Keywords

1 Introduction

Around 50,000 deaths attributed to pneumonia are reported every year in the US alone [1]. Chest X-rays are currently the most frequently adopted imaging modality for detecting pneumonia [21]. The large increase in imaging studies, scarcity of radiologists and associated expense and intra-/inter-rater variability, has resulted in an acceleration in the development and adoption of automated image-based disease classification methods. In the last decade, deep learning methods have resulted in great successes in classification of natural and medical images. Locating discriminatory regions in images, along with the predicted class, renders deep models’ decisions more interpretable and trustworthy. Localization of disease-indicator regions (i.e., radiomic biosignatures) is particularly important for medical applications since it reveals whether the machine diagnosis was based on the presence or absence of disease and not biased towards some unique yet unintuitive and unrelated pattern that happens to be exhibited among the training examples.

1.1 Related Work

The past few years have witnessed numerous advances in deep learning methods for localizing objects and detecting discriminatory regions in images.

Multiple Instance Learning and Region-Based Methods. Bency et al. [4] and Teh et al. [15] applied region-proposal and beam search based methods to localize objects from natural (i.e., non-medical) images. Training such hybrid localization-classification models requires large amounts of bounding-box level image annotations, which can suffer from rater-variability and can be prohibitively expensive or time consuming. Several existing methods [5, 7, 13, 14, 17] formulate the weakly-supervised localization as a multiple instance learning (MIL) problem.
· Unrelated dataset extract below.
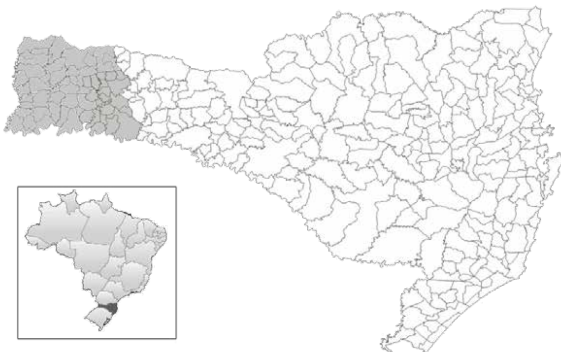
Figure 1 – Region/municipalities object of study

The criterion of selection of the investigated region is associated to the fact of being the most distant region of the capital of the state. Because of bringing together a great number of small local authorities, with characteristics of having urban and rural productive systems, which segregates the residues profile and enlarges the range for the collection, specially for the spacious wrapped territorial areas and operational costs for the efficient management of the system of collection, according to Figure 1.

However, like for region-proposal based methods, it is difficult to find an optimal window size.

Attention/Activation Based Methods. Similarly to previous works [8, 18, 22], Wei et al. [20] proposed an activation map based framework to produce tight bounding boxes around objects. However, in the context of object localization, there might be erroneously detected regions (false positives) or regions/activations which spread over unrealistically wide ranges. This is the case because saliency maps [11] are usually noisy.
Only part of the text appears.